3.1. Validation Studies

3.1.1. Overall Performance

We identified 55 eligible validation studies, of which 22 were retrospective, 24 prospective, and 9 were both or of unknown study design (Supplemental Table S1). Of these 55 studies, 29 used an MPSS methodology, 13 used DANSR, 6 used SNP, and 7 used other methods. Supplemental Figure S1 summarizes, using forest plots, the sensitivity and specificity of these studies. Additional summary tabulation of these studies, by the three main methods of testing, publication year, year of laboratory testing, laboratory country, population country, gestational age, maternal age, and major study groups included are summarized in Supplemental Tables S2 and S3. Studies across the three methods of testing were comparable with respect to study-level characteristics.

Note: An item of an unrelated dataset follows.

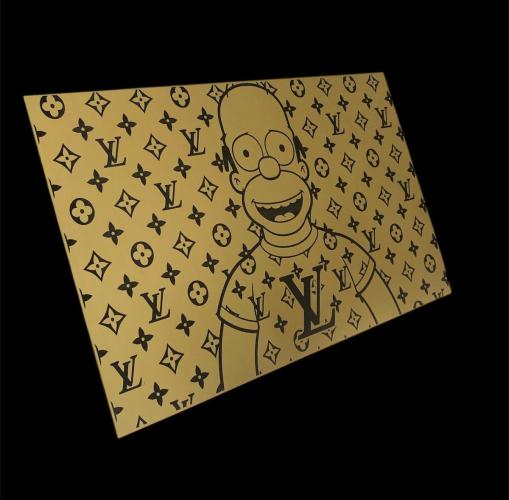 Pi-XL - Louis Vuiton - 'Homer' - Gravure op metaalplaat - Afm. 30 x 20 cm. x 2 mm. - Waardebepaling expert : € 1395 - Genummerde oplage 17/20 - Exclusieve 'Homer LV' Gravure op Goudkleurige Metaalplaat. Bent u op zoek naar een uniek statement piece dat cultstatus en luxe combineert? Bied dan mee op deze opvallende gravure van Homer Simpson in een designer-jasje. Dit kunstwerk is een speelse en gedurfde knipoog naar de 'hypebeast'-cultuur en modern design. Iconische Clash van Cultuur: De ultieme culturele mash-up. Het tijdloze monogrampatroon van 'Louis Vuitton' ontmoet 's werelds beroemdste vader: Homer Simpson. Dit zorgt voor een gewaagde contrast dat gegarandeerd gespreksstof oplevert. Geleverd met COA.

There appear to be differences between studies grouped by method of testing for start year, population country, and prevalence. These characteristics were used for matching in sensitivity analyses. Raw study-level data can be found in Supplemental Table S4. For all validation studies combined, the pooled DR for T21 was 99.44% (95% CI 99.06–99.67%), and the FPR was 0.07% (CI 0.05–0.09%) (Table 1). From a bivariate random effects regression model, the mean DR for T21 was 98.72% (CI 97.97, 99.19%), and the FPR was 0.12% (CI 0.07, 0.21%) (Table 2). The DRs for T18, T13, and MX were lower than that for T21, but FPRs were similar.

Table 1

Validation studies: pooled estimates by syndrome.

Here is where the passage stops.